For microcystin analysis, the aliquot of 100 mL was filtered through 110 mm GF/C discs (Whatman, Maidstone, Kent, UK). The GF/C discs with the cell-bound or intracellular microcystin were freeze–thawed and placed in glass beakers containing 10 mL of methanol (100%) (J.T. Baker – Grade UV-HPLC) to extract the intracellular content for 1 h at room temperature (25 °C). The extract was removed and evaporated at 50 °C in a vacuum until dry. The residue was resuspended in 1 mL of methanol (80%) prior to analysis by high-performance liquid chromatography (HPLC). For the extracellular microcystin, the filtered samples (100 mL) were passed through C18 Cartridges (SupelClean LC-18 – SUPELCO 1 g and 3 mL) using a vacuum manifold system (Varian Analytical Instruments, San Fernando, CA, USA). The cartridges were conditioned before sample concentration using 10 mL of methanol (100%) (J.T. Baker – Grade UV-HPLC) followed by 10 mL of water. Samples were applied to the cartridges at a flow rate of 1 drop min−1. After the sample was passed through, the cartridge was washed with 10 mL of 10, 20 and 30% v/v aqueous methanol in sequence.
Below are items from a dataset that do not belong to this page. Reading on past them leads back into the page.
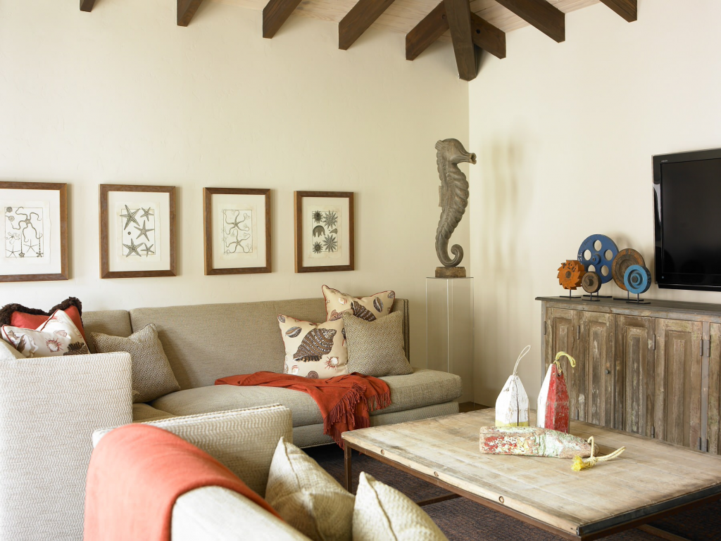 Вместо ярко-белого, комната ниже, использует кремовый оттенок, чтобы смягчить комбинацию кораллового и серого цвета. В то время как многие комнаты показывают галечные акценты, как морские ракушки, и похожи на гавань в океане. И эти современные мотивы идеально подходят для пространства.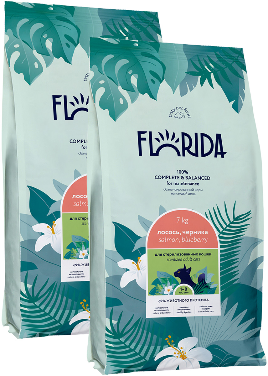 FLORIDA - сухой корм супер-премиум класса с лососем и черникой для кастрированных котов и стерилизованных кошек в возрасте от 1 до 8 лет.
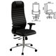 Сверхпрочный стальной каркас. Спинка высокая, эргономичной формы, с ярко выраженной поясничной поддержкой, с хромированным молдингом. Эргогиб, как у кресел SAMURAI. Спинка имеет стальной регулируемый поясничный подпор. Спинка снабжена мягким комфортным подголовником. Уникальная форма передней части сиденья исключает сдавливание сосудов ног, сохраняя ощущение легкости в ногах. Сиденье мягкое, объемное, на столярном каркасе. Регулировка угла наклона сиденья. Обивка из перфорированной многослойной экокожи, с тонкой прошивкой. Комфортные 2D-подлокотники с регулировками: высоты, вперед-назад. Пятилучие – современного дизайна, металлическое хромированное. Колеса-ролики имеют полиуретановое покрытие, обеспечивающее бесшумный ход и защиту пола от повреждений. Модель оснащена Синхромеханизмом Мультиблок с возможностью регулировки силы отклонения и фиксации в 3 различных положениях угла наклона кресла. Он позволяет согласованно, с определенной зависимостью изменять углы наклона одновременно и спинки, и сиденья. В данной модели кресла реализовано оптимальное соотношение 3:1, при котором наклону спинки на 3 градуса соответствует наклон сиденья на 1 градус. Функция "Антишок-эффект" позволяет исключить неожиданное "опрокидывание" кресла при изменении угла наклона. Прочный газлифт высшего 4 класса.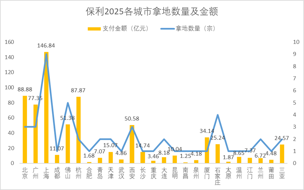 按城市能级划分,保利发展2025年内在一二线城市投资占比超过了90%。其中,一线城市投资占比约44.9%,杭州、佛山、西安等新一线城市占比35.5%,厦门、石家庄等二线城市占比13.4%。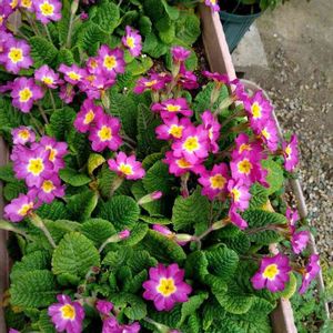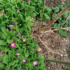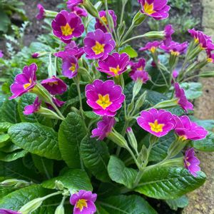 長年経っているプリムラポリアンサ❣️ 日毎に花数が増えてきました🎶 地植えの株分けして並べているポリアンサにも遅れてお花がポツリポツリと咲き始めました🙆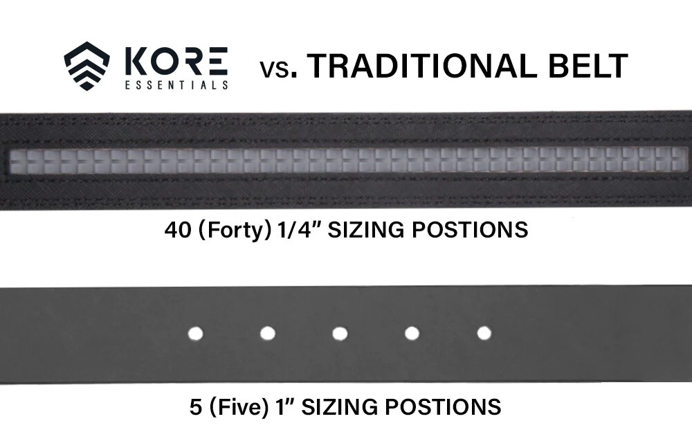 Společnost Kore Essentials nevyrábí pouze taktické opasky pro nošení zbraní, ale také stylové, komfortní opasky, jako je tento kožený model Kore Buffalo. Jeho výhodou je nastavitelná délka, a to v obvodech pasu od 24 do 44 palců (61 až necelých 112 cm). Ve vhodné velikosti ho lze jednoduše říznout a nasadit na něj sponu (ta není součástí balení).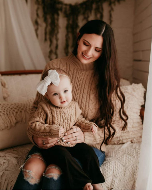 Mommy and Me Mapel Sugar Mockneck Cable Knit Sweater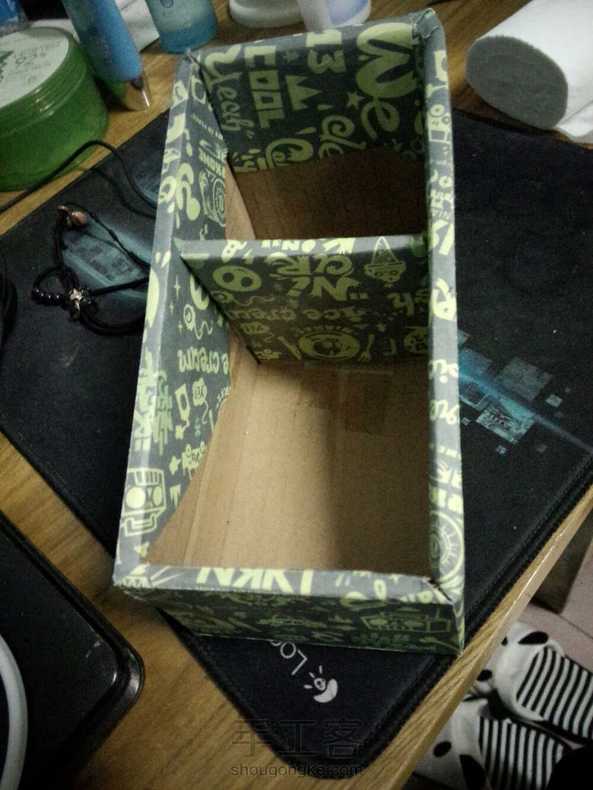 鞋盒剪的~ 包书皮那种纸剩下的纸包的~ 还有隔层哦亲

The air was drawn through the cartridge for about 10 min to minimize the amount of aqueous methanol eluted from the previous step. Then, the cartridge was eluted with 0.8 mL of methanol (80%). The analysis was performed using high-performance liquid chromatography (Agilent Technologies, model 1260 Infinity), with a reverse-phase column (Waters Symmetry C18, 5 μm, 2.1 × 150 mm) at 40 °C with a DAD detector set at wavelengths 238 and 222 nm. The mobile phases used were (i) 0.05% trifluoroacetic acid – TFA acid (Dynamic – Grade UV-HPLC) in water and (ii) 0.05% TFA in acetonitrile (J.T. Baker – Grade UV-HPLC) with a flow rate of 0.5 mL min−1 and a total run time of 35 min. Gradient elution was applied using the following program: linear increase from 25 to 100% B within 22 min, hold at 100% B for 2 min and subsequently decrease to 25% B within 11 min. A calibration curve for each variant (Mc-LR, Mc-LA and Mc-LY) was produced using standards provided by the Cyanosol Laboratory (UK). The equipment's limit of detection (LOD) and quantification (LQD) was 0.25 and 0.5 mg L−1, respectively, but the method's limit of detection (LOD) and quantification (LQD) was based on those limits and the degree of sample concentration detailed previously. This method was adapted from Lawton et al. (1994).
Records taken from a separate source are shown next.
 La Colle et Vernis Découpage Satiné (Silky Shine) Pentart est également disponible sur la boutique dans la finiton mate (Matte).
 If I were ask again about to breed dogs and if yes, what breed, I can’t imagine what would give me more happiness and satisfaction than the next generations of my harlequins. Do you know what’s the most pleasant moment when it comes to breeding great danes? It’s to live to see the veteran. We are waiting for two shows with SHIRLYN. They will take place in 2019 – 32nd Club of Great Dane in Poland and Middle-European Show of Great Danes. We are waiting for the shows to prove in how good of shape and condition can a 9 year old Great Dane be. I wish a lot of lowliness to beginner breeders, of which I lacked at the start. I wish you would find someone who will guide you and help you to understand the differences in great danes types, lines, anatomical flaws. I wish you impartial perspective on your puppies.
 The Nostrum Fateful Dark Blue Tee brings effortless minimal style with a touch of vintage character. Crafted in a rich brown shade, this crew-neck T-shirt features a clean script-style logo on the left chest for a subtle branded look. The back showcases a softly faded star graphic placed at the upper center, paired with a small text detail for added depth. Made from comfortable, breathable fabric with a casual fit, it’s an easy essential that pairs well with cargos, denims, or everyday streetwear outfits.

Total microcystin concentration (McT) comprised of the sum of the Mc-LR, Mc-LA and Mc-LY concentrations (intra- and extracellular). For the cell quota calculation, the total intracellular microcystin concentration (sum of the intracellular Mc-LR, Mc-LA, and Mc-LY) was divided by the number of cells or biomass, in the same base volume.
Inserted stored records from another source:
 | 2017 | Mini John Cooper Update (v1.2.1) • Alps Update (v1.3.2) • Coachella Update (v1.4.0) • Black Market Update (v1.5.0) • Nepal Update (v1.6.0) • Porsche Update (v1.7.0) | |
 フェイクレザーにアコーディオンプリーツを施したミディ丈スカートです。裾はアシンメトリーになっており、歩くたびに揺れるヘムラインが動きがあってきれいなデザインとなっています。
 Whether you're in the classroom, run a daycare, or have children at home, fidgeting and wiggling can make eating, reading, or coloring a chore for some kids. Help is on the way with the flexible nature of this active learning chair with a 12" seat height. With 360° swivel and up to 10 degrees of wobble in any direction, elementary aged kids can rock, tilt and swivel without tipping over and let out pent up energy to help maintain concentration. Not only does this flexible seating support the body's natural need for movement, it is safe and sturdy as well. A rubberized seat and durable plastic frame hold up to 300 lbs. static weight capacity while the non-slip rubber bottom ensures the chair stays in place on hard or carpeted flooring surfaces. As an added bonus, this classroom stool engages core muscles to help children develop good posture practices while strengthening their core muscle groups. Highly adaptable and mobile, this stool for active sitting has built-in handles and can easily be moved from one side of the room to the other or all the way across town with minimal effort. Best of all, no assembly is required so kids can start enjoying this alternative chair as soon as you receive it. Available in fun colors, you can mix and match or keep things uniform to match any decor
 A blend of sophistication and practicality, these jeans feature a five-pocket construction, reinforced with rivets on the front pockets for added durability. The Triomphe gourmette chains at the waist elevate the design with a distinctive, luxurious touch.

After preserving MA samples with Lugol, cell density (Dens) at different growth stages was measured using a Sedgewick-rafter chamber and an inverted optical microscope with a magnification of 40× (Zeiss, Model Vert. A1; APHA 2012). For the determination of cell density, each unicellular organism was considered as an individual (Yoshida et al. 2006).
The spectrophotometric method (10200H), proposed in APHA (2012), was used for the determination of chlorophyll-a (Chlo.a) and pheophytin (Pheo). Samples were analyzed at wavelengths of 664, 665 and 750 nm, respectively. Phycocyanin (Phyc) was analyzed using the spectrophotometric method at 665 and 750 nm wavelengths proposed by Bennett & Bogorad (2011), with adaptations (Genesys 10-S, Thermo-Scientific, USA).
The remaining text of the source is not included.